There is still a long way to go.  I encounter a great deal of hurt, for example, within the Travelling community, where many feel that their culture and traditions are not fully recognised and respected.  Perhaps most people, like myself initially, would feel that Ireland had made much progress in integrating our Travellers.  But when it is a question of hurt, it is always better to listen more carefully to the person or group that is hurting, rather than think that they should accept our feelings and verdict.  This may be demanding, but “charity is patient”!

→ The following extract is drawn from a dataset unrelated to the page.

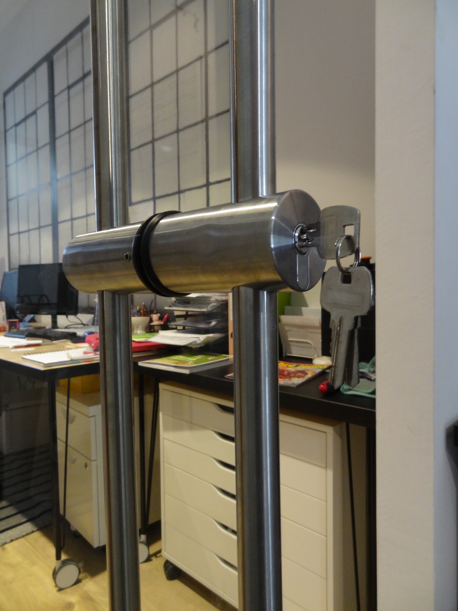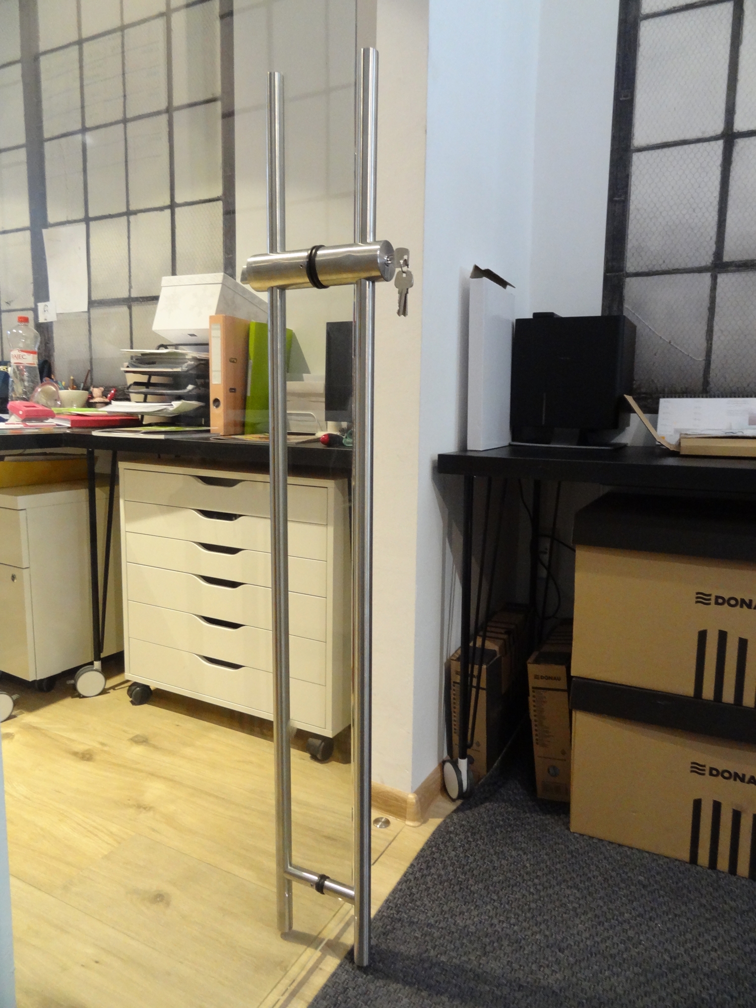 Madlá (tyče): Vyčnievajú do priestoru, poskytujú pohodlný úchop, ale dvere sa kvôli nim nedajú úplne zasunúť za stenu.

I hope that this website will generate among young people a greater sensitivity to the needs and the specific identity of  others in our society.  In recognising difference, we best recognise the unity of humankind.  Concepts like “race” are inventions of fake science, concocted to exploit outward difference to justify dominance.  Paradoxically, it is only is when we recognise the unity of humankind that we can then recognise that difference is enrichment.
Church, the Vatican Council reminds us, is a “sign and instrument of communion with God and of unity among all humankind”. The more Church reflects that unity, the more it is the Church of Jesus Christ.  I thank Crosscare for this further example of being present in Dublin society not just with services but with ideas and leadership.